→ Exercise aim
Begin at the first line of the data and copy each line through the one containing "من المجموعة: قال", that line included, with no pictures.

#### Provided material

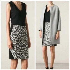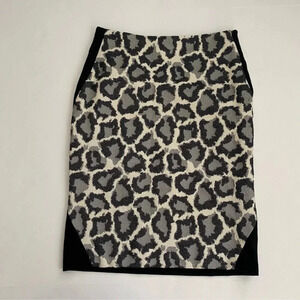 Diane von Furstenberg Emma Leopard Animal Print Side Zip Pencil Skirt Fog
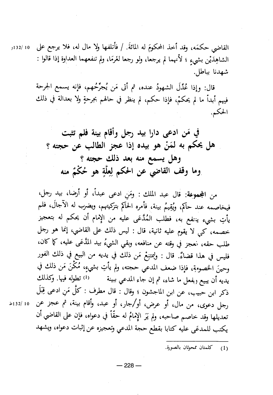 من المجموعة: قال عبد الملك: ومن ادعى عبدا، أو أرضا، بيد رجل، فيخاصمه عند حاكم، ويقيم بينة، فأمره الحاكم بتزكيتهم، ويضرب له الآجال، فلم يأت بشيء ينتفع به، فطلب المدعى عليه من الإمام أن يحكم له بتعجيز خصمه، كي لا يقوم عليه ثانية، قال: ليس ذلك على القاضي، إنم هو رجل طلب حقه، لعجز في وقته عن منافعه، وبقي الشيء بيد المدعى عليه، كما كان، فليس في هذا قضاء. قال: وليمتنع من ذلك في يديه من البيع في ذلك الفور وحين الخصومة، فإذا ضعف المدعى حجته، ولم يأت بشيء، مكن من ذلك في يديه أن يبيع ويفعل ما شاء، ثم إن جاء المدعى ببينة تطوله فيها. وكذلك ذكر أن حبيب، عن ابن الماجشون؛ وقال: قال مطرف: كل من ادعى قبل رجل دعوى، من مال، أو عرض، أو/جار، أو عبد، وأقام بينة، ثم عجز عن تعديلها وقد خاصم صاحبه، ولم ير الإمام له حقا في دعواه، فإن على القاضي أن يكتب للمدعى عليه كتابا بقطع حجة المدعي وتعجيزه عن اثبات دعواه، ويشهد [8/ 228]
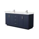 • Wyndham Collection Miranda 72 Inch Double Bathroom Vanity in Dark Blue, White Quartz Countertop, Undermount Square Sinks (1-Hole), Brushed Nickel Trim image - 1

########

→ Problem solution
 Diane von Furstenberg Emma Leopard Animal Print Side Zip Pencil Skirt Fog
 من المجموعة: قال عبد الملك: ومن ادعى عبدا، أو أرضا، بيد رجل، فيخاصمه عند حاكم، ويقيم بينة، فأمره الحاكم بتزكيتهم، ويضرب له الآجال، فلم يأت بشيء ينتفع به، فطلب المدعى عليه من الإمام أن يحكم له بتعجيز خصمه، كي لا يقوم عليه ثانية، قال: ليس ذلك على القاضي، إنم هو رجل طلب حقه، لعجز في وقته عن منافعه، وبقي الشيء بيد المدعى عليه، كما كان، فليس في هذا قضاء. قال: وليمتنع من ذلك في يديه من البيع في ذلك الفور وحين الخصومة، فإذا ضعف المدعى حجته، ولم يأت بشيء، مكن من ذلك في يديه أن يبيع ويفعل ما شاء، ثم إن جاء المدعى ببينة تطوله فيها. وكذلك ذكر أن حبيب، عن ابن الماجشون؛ وقال: قال مطرف: كل من ادعى قبل رجل دعوى، من مال، أو عرض، أو/جار، أو عبد، وأقام بينة، ثم عجز عن تعديلها وقد خاصم صاحبه، ولم ير الإمام له حقا في دعواه، فإن على القاضي أن يكتب للمدعى عليه كتابا بقطع حجة المدعي وتعجيزه عن اثبات دعواه، ويشهد [8/ 228]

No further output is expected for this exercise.